Goal of the exercise: For every record that follows, write out the text exactly and omit the picture, if one is present.

Data extracted from a collection
=== Begin Enclosure ===
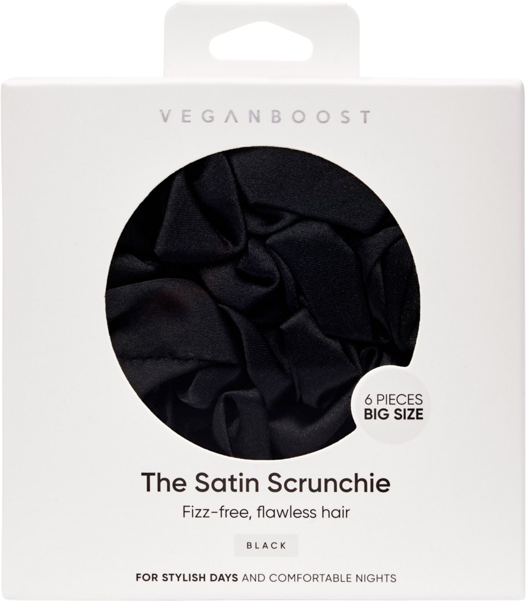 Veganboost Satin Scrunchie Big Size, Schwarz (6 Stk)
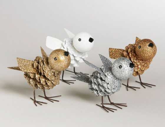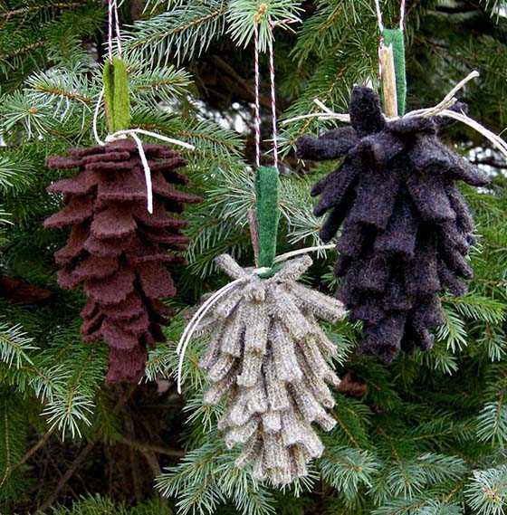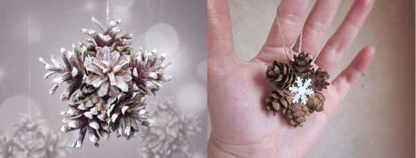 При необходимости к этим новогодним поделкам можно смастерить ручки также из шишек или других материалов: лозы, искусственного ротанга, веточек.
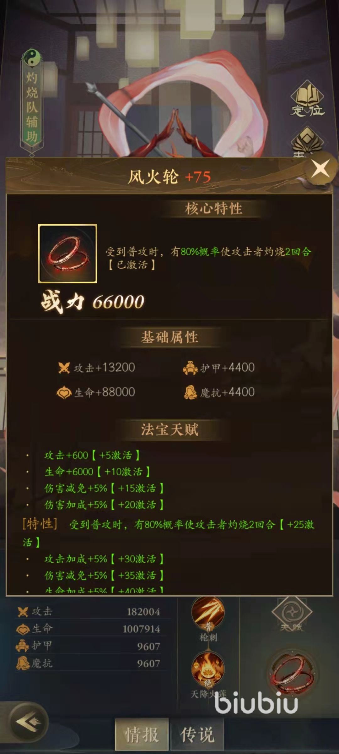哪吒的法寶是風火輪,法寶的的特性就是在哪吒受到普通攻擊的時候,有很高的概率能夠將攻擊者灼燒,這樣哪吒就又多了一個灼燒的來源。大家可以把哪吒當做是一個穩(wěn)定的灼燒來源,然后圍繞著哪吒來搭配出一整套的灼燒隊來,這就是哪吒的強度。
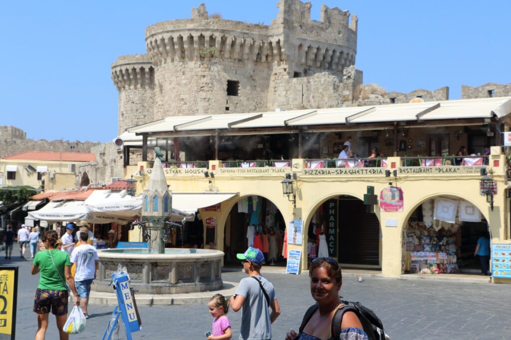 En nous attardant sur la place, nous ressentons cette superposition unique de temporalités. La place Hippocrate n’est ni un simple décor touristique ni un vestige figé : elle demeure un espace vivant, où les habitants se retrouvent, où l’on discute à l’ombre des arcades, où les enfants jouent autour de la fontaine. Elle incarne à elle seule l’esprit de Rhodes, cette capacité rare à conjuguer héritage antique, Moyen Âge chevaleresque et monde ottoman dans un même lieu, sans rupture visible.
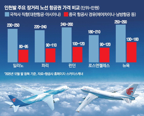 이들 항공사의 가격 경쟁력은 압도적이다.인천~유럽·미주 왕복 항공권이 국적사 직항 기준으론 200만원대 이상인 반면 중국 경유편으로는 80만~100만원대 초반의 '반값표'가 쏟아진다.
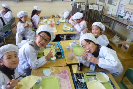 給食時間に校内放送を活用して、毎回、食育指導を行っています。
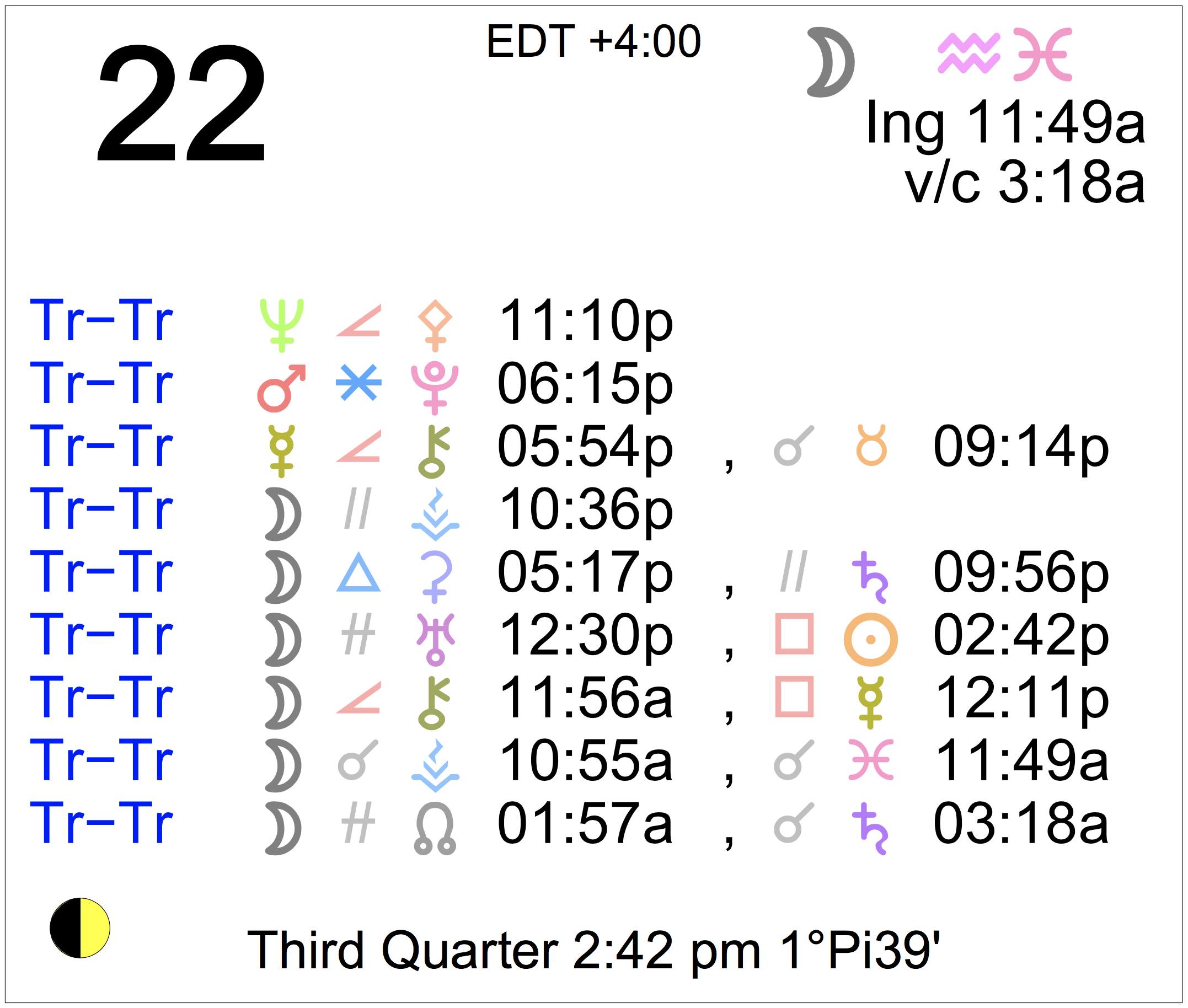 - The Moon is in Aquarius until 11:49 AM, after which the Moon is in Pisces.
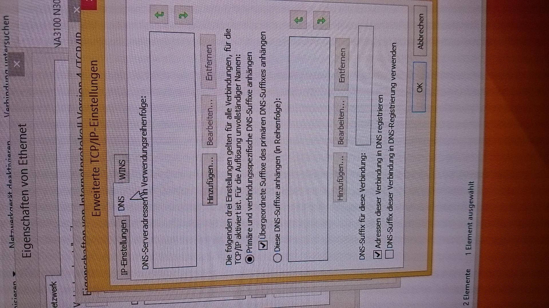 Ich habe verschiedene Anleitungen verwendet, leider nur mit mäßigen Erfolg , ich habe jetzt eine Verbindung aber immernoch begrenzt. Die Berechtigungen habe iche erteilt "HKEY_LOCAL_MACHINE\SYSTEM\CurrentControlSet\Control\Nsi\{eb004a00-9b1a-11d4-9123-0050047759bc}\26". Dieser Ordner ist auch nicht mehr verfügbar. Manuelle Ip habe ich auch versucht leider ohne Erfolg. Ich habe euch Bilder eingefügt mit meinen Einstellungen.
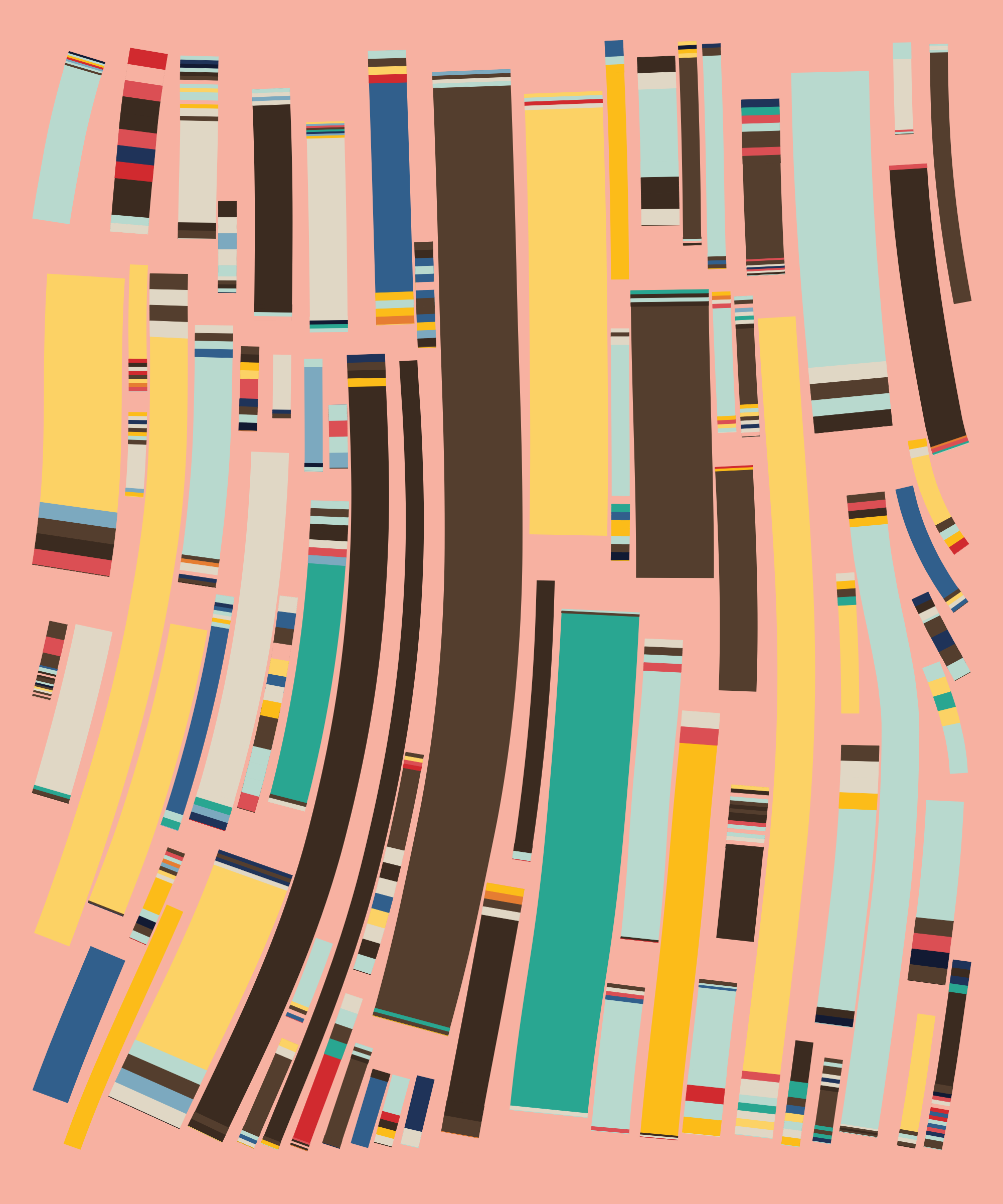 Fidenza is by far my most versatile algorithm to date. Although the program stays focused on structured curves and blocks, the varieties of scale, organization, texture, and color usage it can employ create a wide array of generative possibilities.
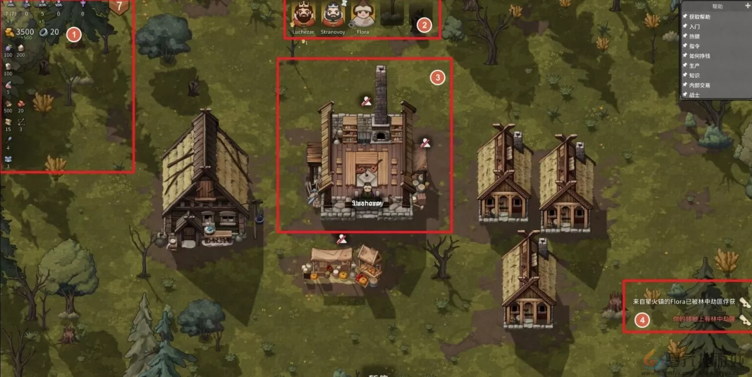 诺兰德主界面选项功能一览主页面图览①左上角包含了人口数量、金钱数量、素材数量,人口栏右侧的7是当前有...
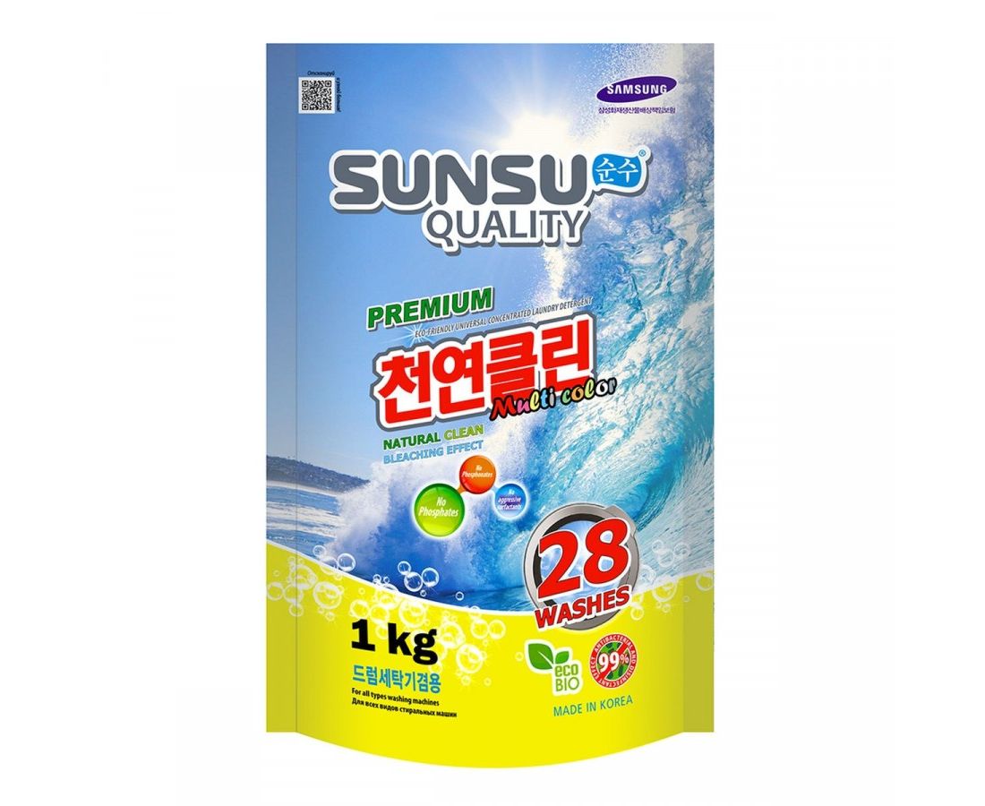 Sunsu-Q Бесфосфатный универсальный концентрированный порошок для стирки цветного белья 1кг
=== End Enclosure ===
Output:
 Veganboost Satin Scrunchie Big Size, Schwarz (6 Stk)
 При необходимости к этим новогодним поделкам можно смастерить ручки также из шишек или других материалов: лозы, искусственного ротанга, веточек.
哪吒的法寶是風火輪,法寶的的特性就是在哪吒受到普通攻擊的時候,有很高的概率能夠將攻擊者灼燒,這樣哪吒就又多了一個灼燒的來源。大家可以把哪吒當做是一個穩(wěn)定的灼燒來源,然后圍繞著哪吒來搭配出一整套的灼燒隊來,這就是哪吒的強度。
 En nous attardant sur la place, nous ressentons cette superposition unique de temporalités. La place Hippocrate n’est ni un simple décor touristique ni un vestige figé : elle demeure un espace vivant, où les habitants se retrouvent, où l’on discute à l’ombre des arcades, où les enfants jouent autour de la fontaine. Elle incarne à elle seule l’esprit de Rhodes, cette capacité rare à conjuguer héritage antique, Moyen Âge chevaleresque et monde ottoman dans un même lieu, sans rupture visible.
 이들 항공사의 가격 경쟁력은 압도적이다.인천~유럽·미주 왕복 항공권이 국적사 직항 기준으론 200만원대 이상인 반면 중국 경유편으로는 80만~100만원대 초반의 '반값표'가 쏟아진다.
 給食時間に校内放送を活用して、毎回、食育指導を行っています。
 - The Moon is in Aquarius until 11:49 AM, after which the Moon is in Pisces.
 Ich habe verschiedene Anleitungen verwendet, leider nur mit mäßigen Erfolg , ich habe jetzt eine Verbindung aber immernoch begrenzt. Die Berechtigungen habe iche erteilt "HKEY_LOCAL_MACHINE\SYSTEM\CurrentControlSet\Control\Nsi\{eb004a00-9b1a-11d4-9123-0050047759bc}\26". Dieser Ordner ist auch nicht mehr verfügbar. Manuelle Ip habe ich auch versucht leider ohne Erfolg. Ich habe euch Bilder eingefügt mit meinen Einstellungen.
 Fidenza is by far my most versatile algorithm to date. Although the program stays focused on structured curves and blocks, the varieties of scale, organization, texture, and color usage it can employ create a wide array of generative possibilities.
 诺兰德主界面选项功能一览主页面图览①左上角包含了人口数量、金钱数量、素材数量,人口栏右侧的7是当前有...
 Sunsu-Q Бесфосфатный универсальный концентрированный порошок для стирки цветного белья 1кг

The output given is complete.